Help! I need somebody!

Help!  Not just anybody.

It is SO hard for me to ask for help.

One of my go-to themes in my personal yoga practice and classes is surrender.  To let go.  It is exactly what I need to work on now and is becoming increasingly more difficult.  Having control makes me feel organized, put together.  What an illusion that idea is.  And wonder why I am always practicing this concept!

When I had eating disorder issues, I now realize how I much it had to do with control.  I lost control of my eating habits and fought to find it elsewhere: cleaning my apartment/room, running, or being OCD with something else.  Letting go was not an option because I had a grasp on so little.

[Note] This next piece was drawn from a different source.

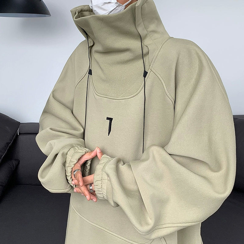 เสื้อนินจาคอเต่ามีฮู้ดสำหรับผู้ชายสำหรับฤดูใบไม้ร่วงและฤดูหนาว2023สเวตเชิ้ตฮิปฮอปโอเวอร์ไซส์สีดำไซส์ L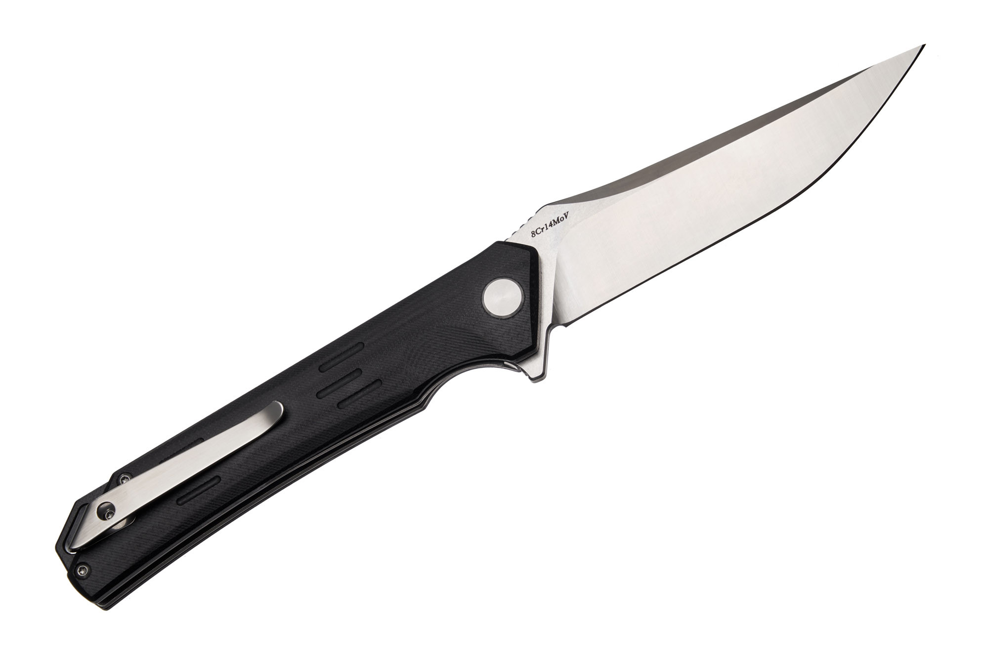 - Клинок із міцної та стійкої нержавіючої сталі 8Cr14MoV довго залишається гострим та не боїться корозії. Сталь 8Cr14Mov відрізняється від 8Cr13MoV великим вмістом хрому, що позитивно впливає її стійкість до корозії. Ця сталь активно застосовується багатьма відомими виробниками ножів.

As a new mother, there is only so much I can do according to my standards.  Lucca, my baby boy, runs the show.  I can make a schedule, write out a to-do list, and plan out our days, and he will fight it.  He tells me what we need to do and what is important.  I have very little control, and that might be the hardest part of motherhood for me.

This might also be a big reason why I don’t want to leave him – I won’t be there to cater to his needs.  I would have to trust someone else to do as I wish, and I don’t trust anyone.  My husband is very respectful of my particularities, and often asks me for advice or what I usually do in a situation.  We are on the same page.  For most other people, I am not ready to ask for assistance.

I clean everything myself and prefer it that way.  If someone else comes in to help, I will almost certainly go behind them and tidy up to my standards.  I would rather just to it myself.  The same goes with caring for Lucca.  I want to hold him; I want to bathe him; I want to feed him, all my way.  I want to control what I can, while I can, before he is old enough to decide for himself.

And I cannot let go!!! I cannot seem to surrender… yet.  I feel like I will lose all control if I let someone else help.  I am well aware of my need to surrender, and I am aware that I am struggling to WANT to let go.  This internal battle is a little exhausting, but I notice it and will get better.

I will let go.  I will lose control.  I will ask for help.

And I will learn to live without “perfection.”